É uma bola de neve. Além da perda da biodiversidade, o desmatamento ameaça o clima de todo o mundo, pois libera o estoque de carbono armazenado em troncos e folhas das árvores, contribuindo não só para o avanço das mudanças climáticas, mas para a própria destruição da floresta. A derrubada de árvores na Amazônia também afeta os rios voadores e o regime de chuvas nas regiões Sul e Sudeste do Brasil, que concentram parte importante da agricultura do país, o que acaba afetando a produção e o preço dos alimentos.

Isso sem falar que o desmatamento afasta as pessoas de suas terras, pois destrói os meios de subsistência dos pequenos agricultores e comunidades tradicionais e aumenta a precariedade do trabalho de quem fica. E ainda tem a grilagem. Apontada como uma das causas do desmatamento, a prática gera um ambiente de violência que afasta quem gostaria de produzir de acordo com a lei e respeitando nossos recursos naturais.

Como a situação chegou a esse nível?
Registros mostram que a pecuária é uma atividade que começou ainda na época do descobrimento do país, com bovinos trazidos pelos colonizadores portugueses e que encontraram, no nosso clima tropical, boas condições para reproduzir. De lá para cá, essa é uma atividade que foi atravessando gerações e sobre a qual nunca se teve muito controle. 

Por ser tão rentável, não exigir muita infraestrutura e pelo fato do Brasil ter um território enorme, a pecuária foi bastante incentivada pelos governos em uma época em que a questão ambiental não era uma preocupação. 

Na década de 1970, uma propaganda do governo federal que incentivava produtores a ocupar a Amazônia chegou a convocar: “Toque sua boiada para o maior pasto do mundo”. Os argumentos, na época, diziam que era preciso ocupar a área para evitar que estrangeiros o fizessem. No período da ditadura, o governo, inclusive, deu incentivos para a compra de terras públicas, o que acabou sendo um convite para a grilagem, que até hoje está entre os maiores problemas da região.

Só nos anos 2000 a preocupação com a ocupação da Amazônia ganhou a atenção dos governos que, desde então, têm feito algumas tentativas de regular a pecuária na região. A aprovação do Novo Código Florestal, em 2012, foi um marco nesse sentido, pois exige que o produtor preserve 80% de sua propriedade — o que significa que só pode destinar 20% para os pastos.
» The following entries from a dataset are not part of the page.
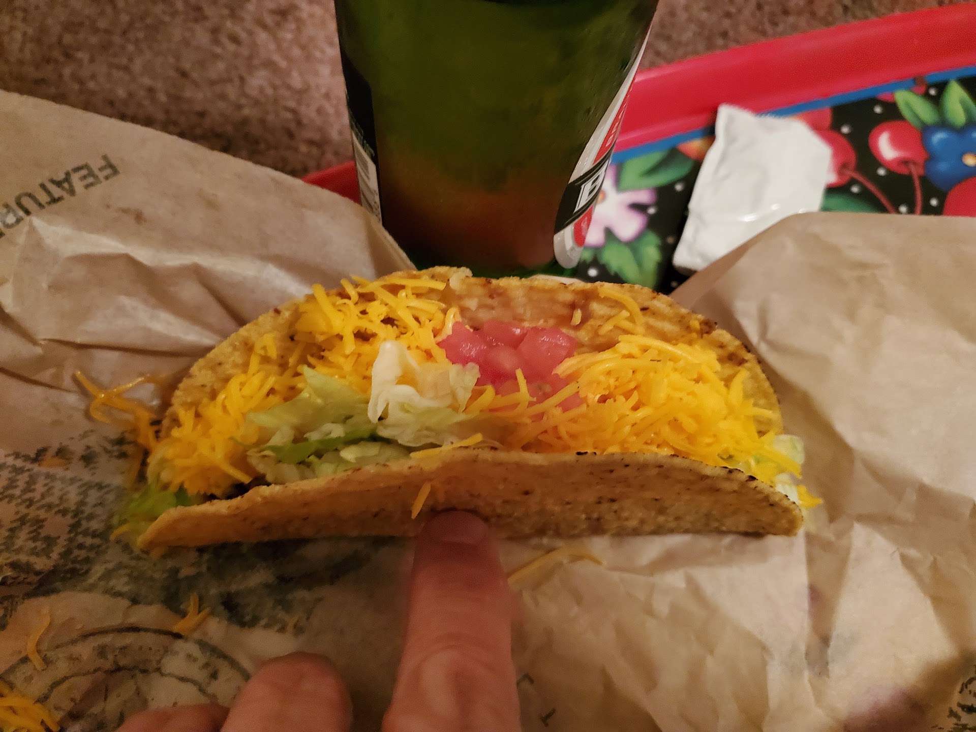 When I brought the food back, my girlfriend got four hard tacos when I ordered two hard and two soft at the drive thru. After I opened up my tacos al carbon, the corn tortilla was too hard for the soggy chicken and the taco ended up falling apart. On top of that, I never got my receipt! Not that it was that big of a deal, but I was hoping to use it to get my rewards points on the Del Taco app!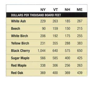 These data are compiled from interviews with suppliers and buyers, and from the most recent print and on-line versions of the edition of Sawlog Bulletin and used by permission. Please note that many of these prices were reported three months prior to our publication date, and current prices could be higher or lower.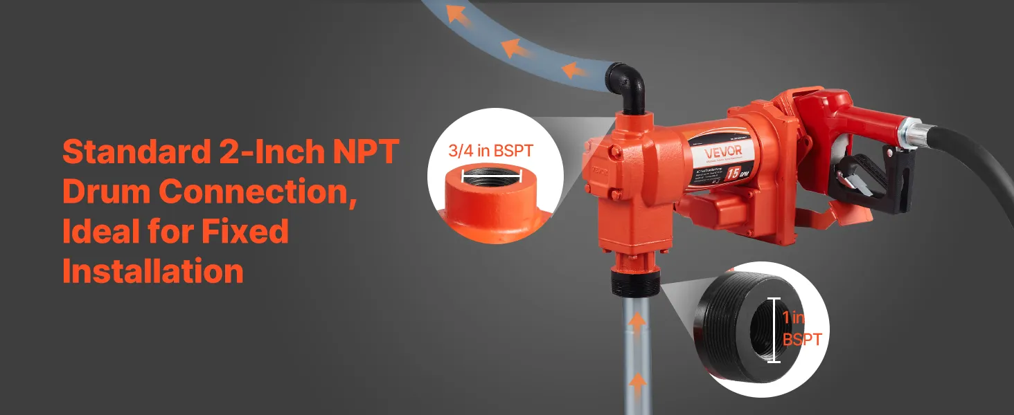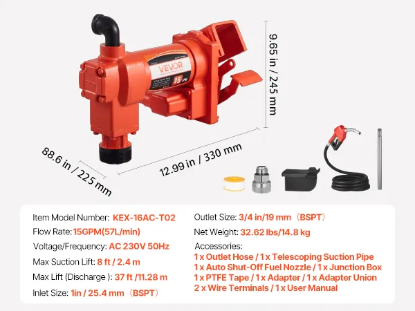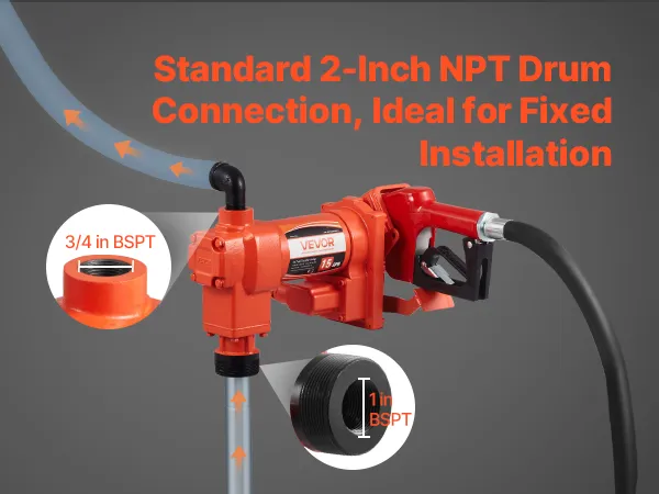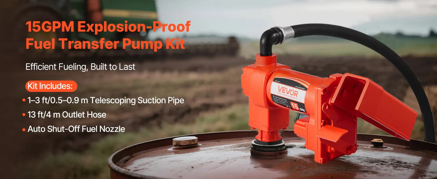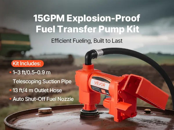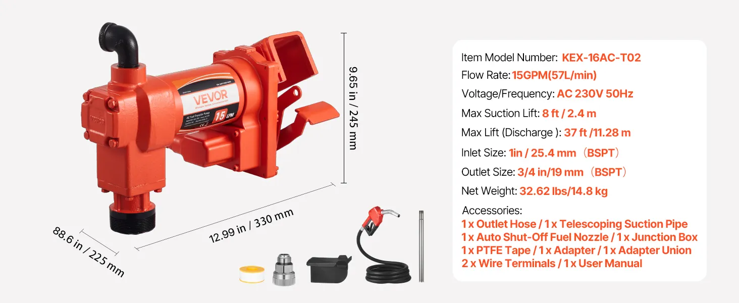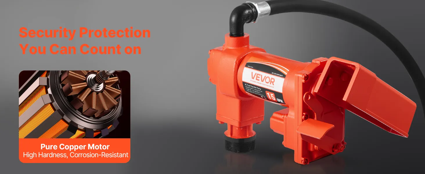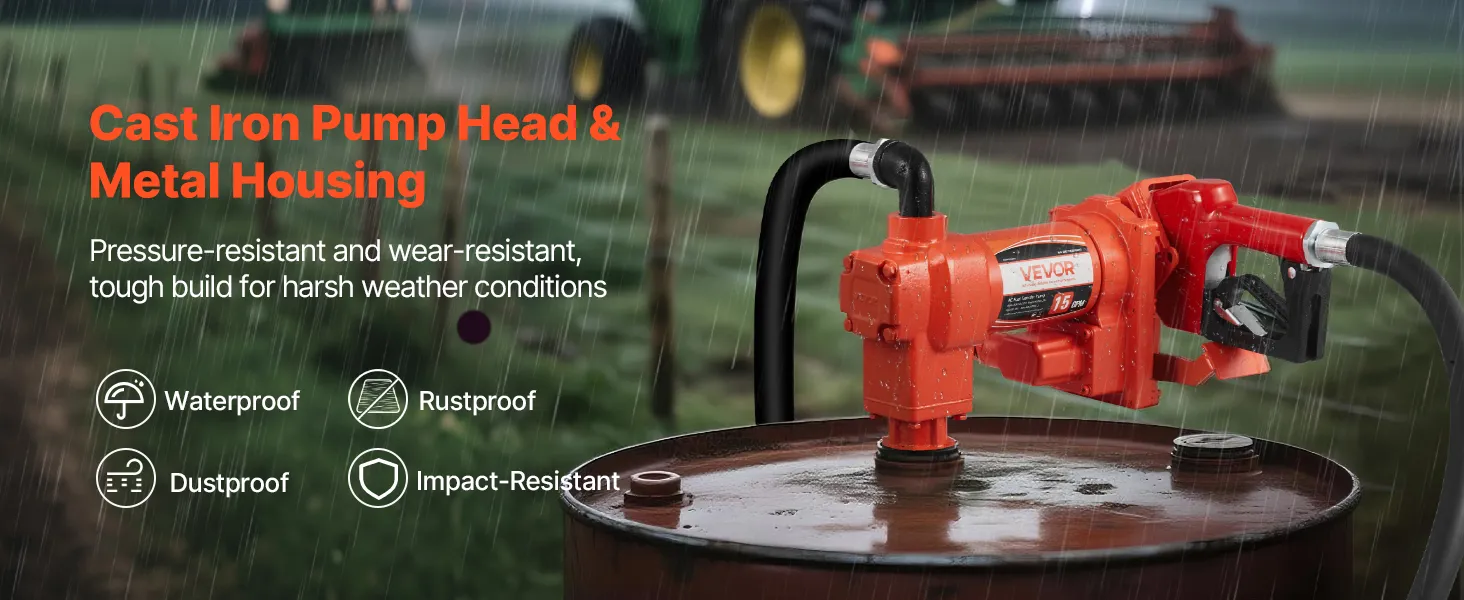 Szybki transfer paliwa z maksymalnym przepływem 57 l/min (15 GPM), maksymalną wysokością ssania 2,4 m (8 stóp) i maksymalną wysokością tłoczenia 11,28 m (37 stóp). Wyposażona w silnik z czystej miedzi, żeliwną głowicę pompy i zintegrowane zabezpieczenie przed przegrzaniem, pompa ta oferuje niezawodną wydajność i bezpieczną pracę z olejem napędowym, naftą i biodieslem.

No entanto, a falta de fiscalização e o desmonte dos órgãos ambientais ainda são desafios para fazer valer a lei.

Outro grande desafio para a regulação é a diversidade dos sistemas de produção da pecuária de corte. No interior do país, como é o caso da Amazônia, existem muitas fazendas dispersas e propriedades pequenas que ainda fazem o uso de práticas muito simples, com pouca ou nenhuma tecnologia. Ao mesmo tempo, existem grandes fazendas equipadas com o que há de mais moderno e tecnificado. Desse modo, fica difícil fazer a mesma cobrança para todas, especialmente para aqueles produtores com baixa qualificação.

Como resolver?
Todos deveríamos, então, parar de comer carne bovina? Não, mas os consumidores têm a responsabilidade de exigir que a proteína que comem não venha de áreas de desmatamento. Vários mercados internacionais, como Alemanha, França, Holanda e Reino Unido, já têm exigido que os locais de onde compram a carne, como os supermercados, comprovem que o produto que vendem não passe por áreas de desmatamento, em nenhuma das etapas de produção. 

Isso quer dizer que precisamos monitorar toda a cadeia produtiva, começando pela fazenda onde nasce o bezerro e seguindo por todo o caminho que essa carne faz até chegar à mesa das pessoas. Se o mercado tirar da cadeia de fornecedores o gado em áreas de desmatamento, isso praticamente acaba com a devastação da Amazônia e melhora a segurança institucional do setor da carne.